### Data for this task:
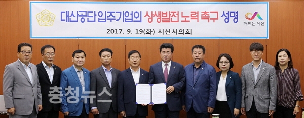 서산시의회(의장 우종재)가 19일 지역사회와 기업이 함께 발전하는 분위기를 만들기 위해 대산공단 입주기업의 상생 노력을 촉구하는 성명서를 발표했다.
...
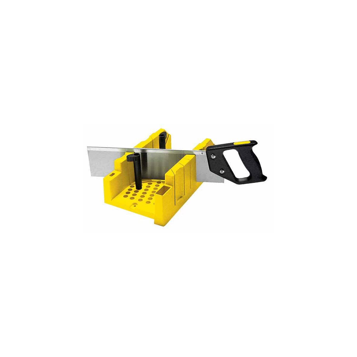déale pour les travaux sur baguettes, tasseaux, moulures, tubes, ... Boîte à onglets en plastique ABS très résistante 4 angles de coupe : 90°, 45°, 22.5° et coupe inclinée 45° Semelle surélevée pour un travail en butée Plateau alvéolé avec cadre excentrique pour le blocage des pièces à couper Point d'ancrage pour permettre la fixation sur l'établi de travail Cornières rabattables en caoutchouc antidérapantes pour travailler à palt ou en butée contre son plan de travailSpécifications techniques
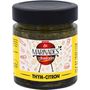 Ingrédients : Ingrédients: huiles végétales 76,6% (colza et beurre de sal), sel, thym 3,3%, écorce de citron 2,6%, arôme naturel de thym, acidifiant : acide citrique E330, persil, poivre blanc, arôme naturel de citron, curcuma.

### What you have to do:
Exercise for the records above: copy only the lines from the one with "déale pour les" to the one with "Ingrédients : Ingrédients: huiles", both ends kept, and drop the pictures.

### Solution to this task:
déale pour les travaux sur baguettes, tasseaux, moulures, tubes, ... Boîte à onglets en plastique ABS très résistante 4 angles de coupe : 90°, 45°, 22.5° et coupe inclinée 45° Semelle surélevée pour un travail en butée Plateau alvéolé avec cadre excentrique pour le blocage des pièces à couper Point d'ancrage pour permettre la fixation sur l'établi de travail Cornières rabattables en caoutchouc antidérapantes pour travailler à palt ou en butée contre son plan de travailSpécifications techniques
 Ingrédients : Ingrédients: huiles végétales 76,6% (colza et beurre de sal), sel, thym 3,3%, écorce de citron 2,6%, arôme naturel de thym, acidifiant : acide citrique E330, persil, poivre blanc, arôme naturel de citron, curcuma.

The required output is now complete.